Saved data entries
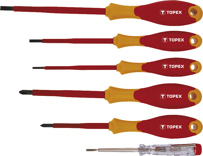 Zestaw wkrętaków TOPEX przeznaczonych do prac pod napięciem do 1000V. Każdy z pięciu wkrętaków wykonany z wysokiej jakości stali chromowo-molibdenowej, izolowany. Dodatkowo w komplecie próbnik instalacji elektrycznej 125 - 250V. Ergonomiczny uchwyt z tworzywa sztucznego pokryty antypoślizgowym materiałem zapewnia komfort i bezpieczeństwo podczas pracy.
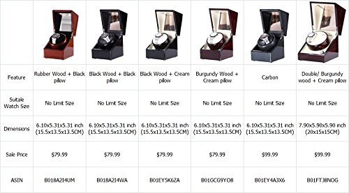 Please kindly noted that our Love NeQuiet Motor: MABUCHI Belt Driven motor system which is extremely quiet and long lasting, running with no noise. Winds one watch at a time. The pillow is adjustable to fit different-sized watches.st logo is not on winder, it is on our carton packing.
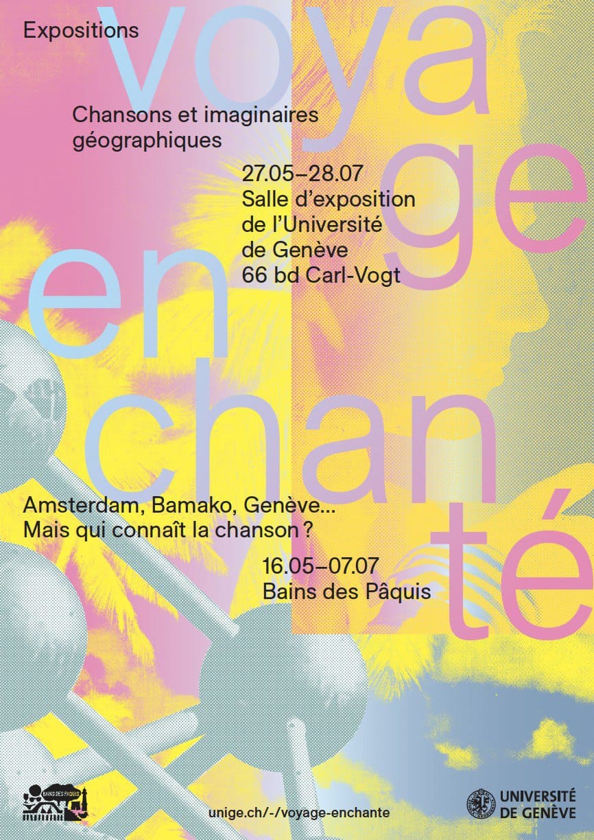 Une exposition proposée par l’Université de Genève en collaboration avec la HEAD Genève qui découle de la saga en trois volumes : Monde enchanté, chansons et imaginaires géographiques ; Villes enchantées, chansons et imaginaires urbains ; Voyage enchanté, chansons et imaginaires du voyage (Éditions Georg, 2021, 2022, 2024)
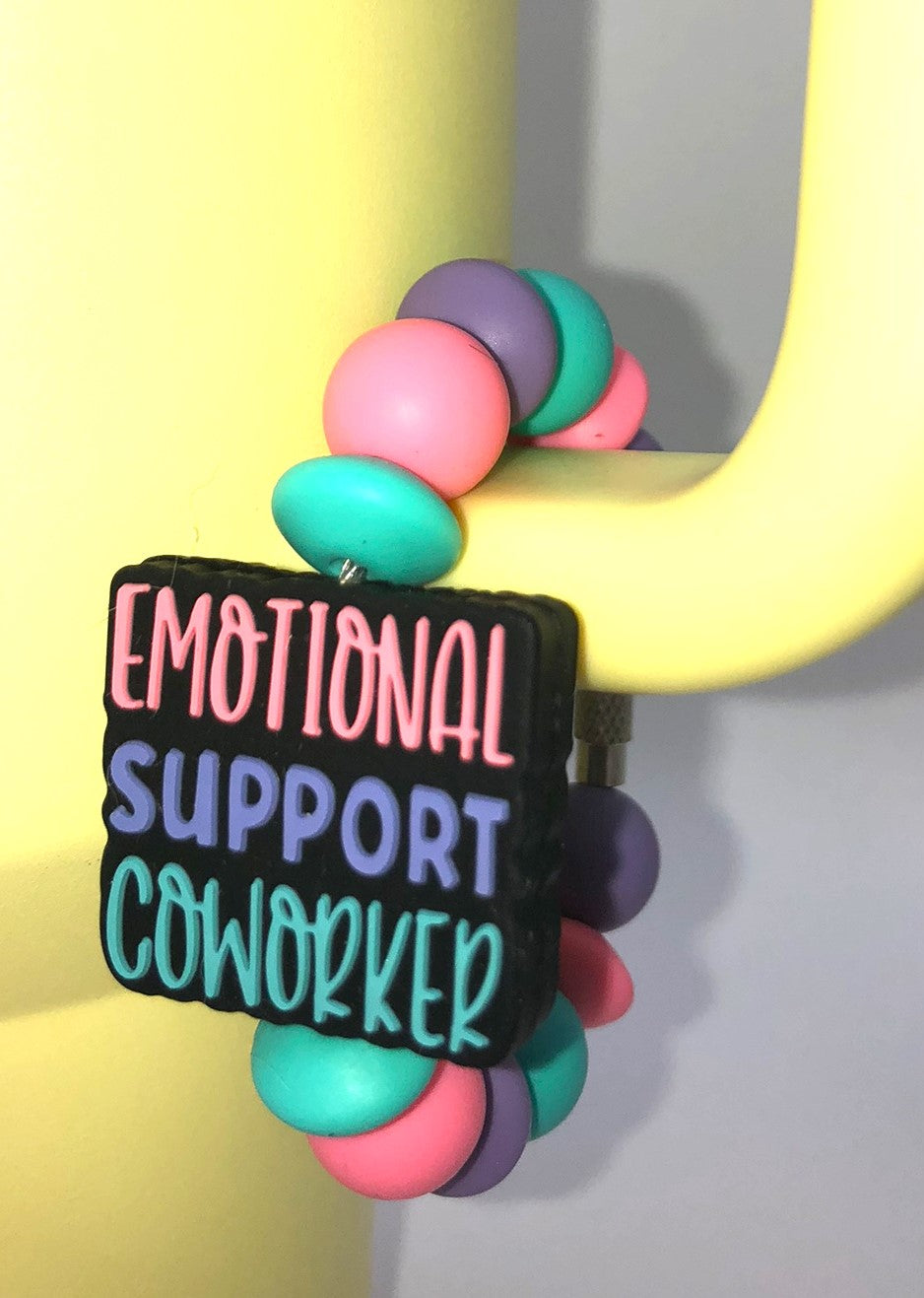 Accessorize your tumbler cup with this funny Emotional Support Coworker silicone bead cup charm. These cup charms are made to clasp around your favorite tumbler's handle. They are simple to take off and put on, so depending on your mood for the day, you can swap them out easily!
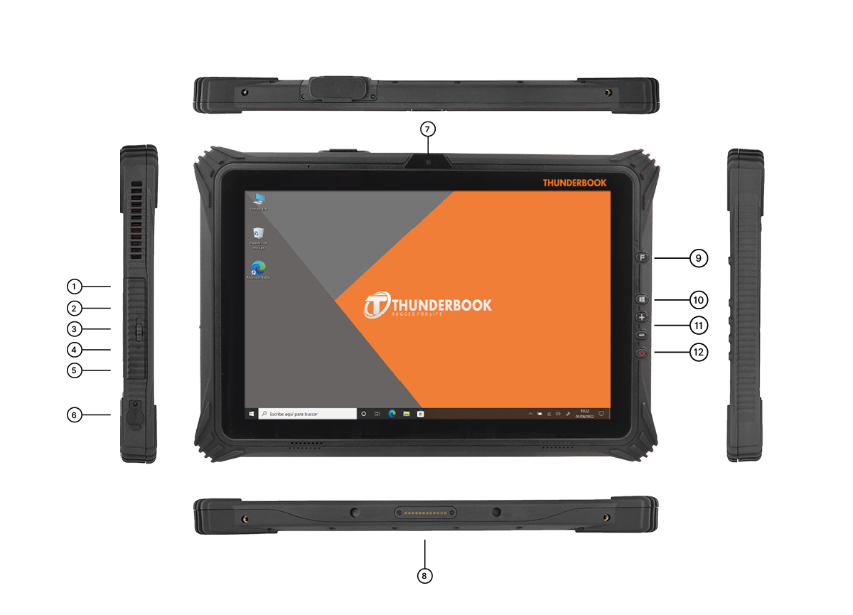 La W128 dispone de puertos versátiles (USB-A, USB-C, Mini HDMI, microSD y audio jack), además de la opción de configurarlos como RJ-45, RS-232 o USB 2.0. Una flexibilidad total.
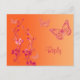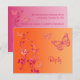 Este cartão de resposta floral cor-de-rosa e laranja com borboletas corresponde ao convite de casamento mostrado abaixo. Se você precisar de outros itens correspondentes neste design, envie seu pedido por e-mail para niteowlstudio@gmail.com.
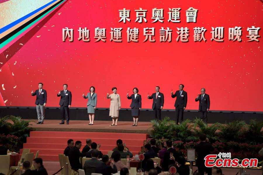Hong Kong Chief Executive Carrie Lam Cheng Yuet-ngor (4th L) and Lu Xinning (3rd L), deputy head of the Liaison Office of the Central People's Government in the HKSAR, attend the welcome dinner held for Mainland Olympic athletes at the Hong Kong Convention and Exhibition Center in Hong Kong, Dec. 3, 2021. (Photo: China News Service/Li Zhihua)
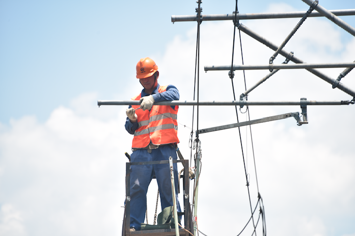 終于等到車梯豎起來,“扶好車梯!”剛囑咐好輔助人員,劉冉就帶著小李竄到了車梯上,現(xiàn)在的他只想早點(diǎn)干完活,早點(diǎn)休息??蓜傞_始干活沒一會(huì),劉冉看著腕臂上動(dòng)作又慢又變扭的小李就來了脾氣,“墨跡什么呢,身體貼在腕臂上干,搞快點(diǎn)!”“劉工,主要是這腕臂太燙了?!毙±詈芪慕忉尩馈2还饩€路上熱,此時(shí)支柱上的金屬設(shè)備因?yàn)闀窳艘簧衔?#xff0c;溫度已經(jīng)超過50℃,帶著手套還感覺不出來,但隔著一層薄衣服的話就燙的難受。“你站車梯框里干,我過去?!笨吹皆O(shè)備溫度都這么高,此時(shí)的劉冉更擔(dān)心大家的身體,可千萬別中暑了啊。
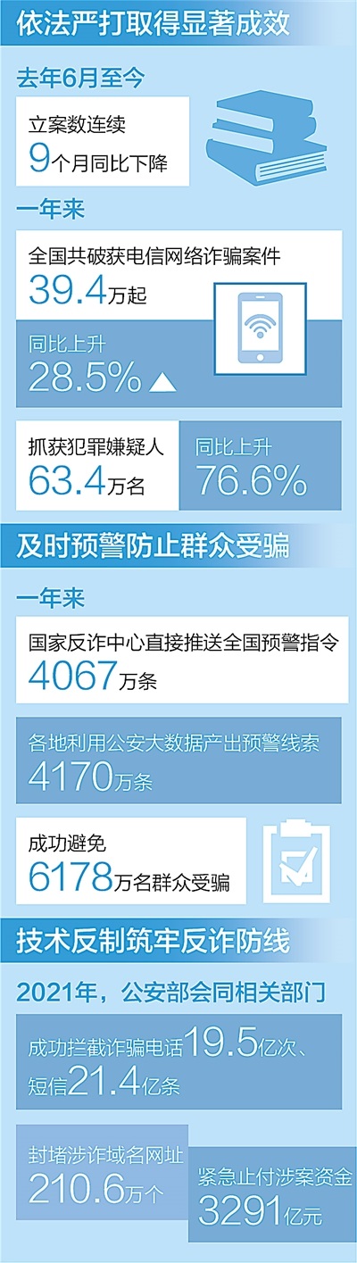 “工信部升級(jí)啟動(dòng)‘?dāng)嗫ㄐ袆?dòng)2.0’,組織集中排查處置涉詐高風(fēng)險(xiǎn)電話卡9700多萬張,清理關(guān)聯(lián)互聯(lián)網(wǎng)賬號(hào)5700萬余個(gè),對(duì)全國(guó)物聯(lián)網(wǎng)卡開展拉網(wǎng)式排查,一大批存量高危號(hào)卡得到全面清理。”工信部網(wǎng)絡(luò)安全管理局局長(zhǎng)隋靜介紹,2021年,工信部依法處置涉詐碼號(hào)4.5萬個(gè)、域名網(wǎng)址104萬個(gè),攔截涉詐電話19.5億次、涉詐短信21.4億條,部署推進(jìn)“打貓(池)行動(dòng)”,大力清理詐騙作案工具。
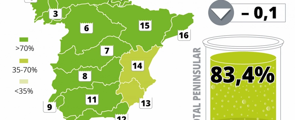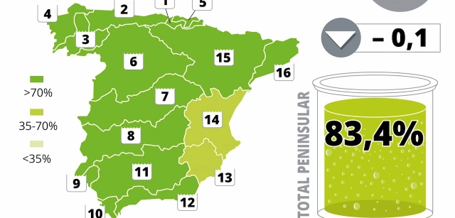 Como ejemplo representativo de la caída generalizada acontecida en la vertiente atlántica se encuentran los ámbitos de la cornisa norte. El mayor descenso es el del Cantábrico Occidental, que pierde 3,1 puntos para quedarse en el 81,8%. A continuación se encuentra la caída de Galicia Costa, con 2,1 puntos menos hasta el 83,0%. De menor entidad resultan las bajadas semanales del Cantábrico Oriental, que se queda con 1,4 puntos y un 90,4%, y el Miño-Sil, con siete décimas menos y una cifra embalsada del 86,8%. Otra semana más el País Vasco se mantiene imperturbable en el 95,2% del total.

- _Exercise instructions_
Repeat the data exactly as given. Keep every picture out of the copy.

- _Output below_
 Zestaw wkrętaków TOPEX przeznaczonych do prac pod napięciem do 1000V. Każdy z pięciu wkrętaków wykonany z wysokiej jakości stali chromowo-molibdenowej, izolowany. Dodatkowo w komplecie próbnik instalacji elektrycznej 125 - 250V. Ergonomiczny uchwyt z tworzywa sztucznego pokryty antypoślizgowym materiałem zapewnia komfort i bezpieczeństwo podczas pracy.
 Please kindly noted that our Love NeQuiet Motor: MABUCHI Belt Driven motor system which is extremely quiet and long lasting, running with no noise. Winds one watch at a time. The pillow is adjustable to fit different-sized watches.st logo is not on winder, it is on our carton packing.
 Une exposition proposée par l’Université de Genève en collaboration avec la HEAD Genève qui découle de la saga en trois volumes : Monde enchanté, chansons et imaginaires géographiques ; Villes enchantées, chansons et imaginaires urbains ; Voyage enchanté, chansons et imaginaires du voyage (Éditions Georg, 2021, 2022, 2024)
 Accessorize your tumbler cup with this funny Emotional Support Coworker silicone bead cup charm. These cup charms are made to clasp around your favorite tumbler's handle. They are simple to take off and put on, so depending on your mood for the day, you can swap them out easily!
 La W128 dispone de puertos versátiles (USB-A, USB-C, Mini HDMI, microSD y audio jack), además de la opción de configurarlos como RJ-45, RS-232 o USB 2.0. Una flexibilidad total.
 Este cartão de resposta floral cor-de-rosa e laranja com borboletas corresponde ao convite de casamento mostrado abaixo. Se você precisar de outros itens correspondentes neste design, envie seu pedido por e-mail para niteowlstudio@gmail.com.
Hong Kong Chief Executive Carrie Lam Cheng Yuet-ngor (4th L) and Lu Xinning (3rd L), deputy head of the Liaison Office of the Central People's Government in the HKSAR, attend the welcome dinner held for Mainland Olympic athletes at the Hong Kong Convention and Exhibition Center in Hong Kong, Dec. 3, 2021. (Photo: China News Service/Li Zhihua)
 終于等到車梯豎起來,“扶好車梯!”剛囑咐好輔助人員,劉冉就帶著小李竄到了車梯上,現(xiàn)在的他只想早點(diǎn)干完活,早點(diǎn)休息??蓜傞_始干活沒一會(huì),劉冉看著腕臂上動(dòng)作又慢又變扭的小李就來了脾氣,“墨跡什么呢,身體貼在腕臂上干,搞快點(diǎn)!”“劉工,主要是這腕臂太燙了?!毙±詈芪慕忉尩馈2还饩€路上熱,此時(shí)支柱上的金屬設(shè)備因?yàn)闀窳艘簧衔?#xff0c;溫度已經(jīng)超過50℃,帶著手套還感覺不出來,但隔著一層薄衣服的話就燙的難受。“你站車梯框里干,我過去?!笨吹皆O(shè)備溫度都這么高,此時(shí)的劉冉更擔(dān)心大家的身體,可千萬別中暑了啊。
 “工信部升級(jí)啟動(dòng)‘?dāng)嗫ㄐ袆?dòng)2.0’,組織集中排查處置涉詐高風(fēng)險(xiǎn)電話卡9700多萬張,清理關(guān)聯(lián)互聯(lián)網(wǎng)賬號(hào)5700萬余個(gè),對(duì)全國(guó)物聯(lián)網(wǎng)卡開展拉網(wǎng)式排查,一大批存量高危號(hào)卡得到全面清理。”工信部網(wǎng)絡(luò)安全管理局局長(zhǎng)隋靜介紹,2021年,工信部依法處置涉詐碼號(hào)4.5萬個(gè)、域名網(wǎng)址104萬個(gè),攔截涉詐電話19.5億次、涉詐短信21.4億條,部署推進(jìn)“打貓(池)行動(dòng)”,大力清理詐騙作案工具。
 Como ejemplo representativo de la caída generalizada acontecida en la vertiente atlántica se encuentran los ámbitos de la cornisa norte. El mayor descenso es el del Cantábrico Occidental, que pierde 3,1 puntos para quedarse en el 81,8%. A continuación se encuentra la caída de Galicia Costa, con 2,1 puntos menos hasta el 83,0%. De menor entidad resultan las bajadas semanales del Cantábrico Oriental, que se queda con 1,4 puntos y un 90,4%, y el Miño-Sil, con siete décimas menos y una cifra embalsada del 86,8%. Otra semana más el País Vasco se mantiene imperturbable en el 95,2% del total.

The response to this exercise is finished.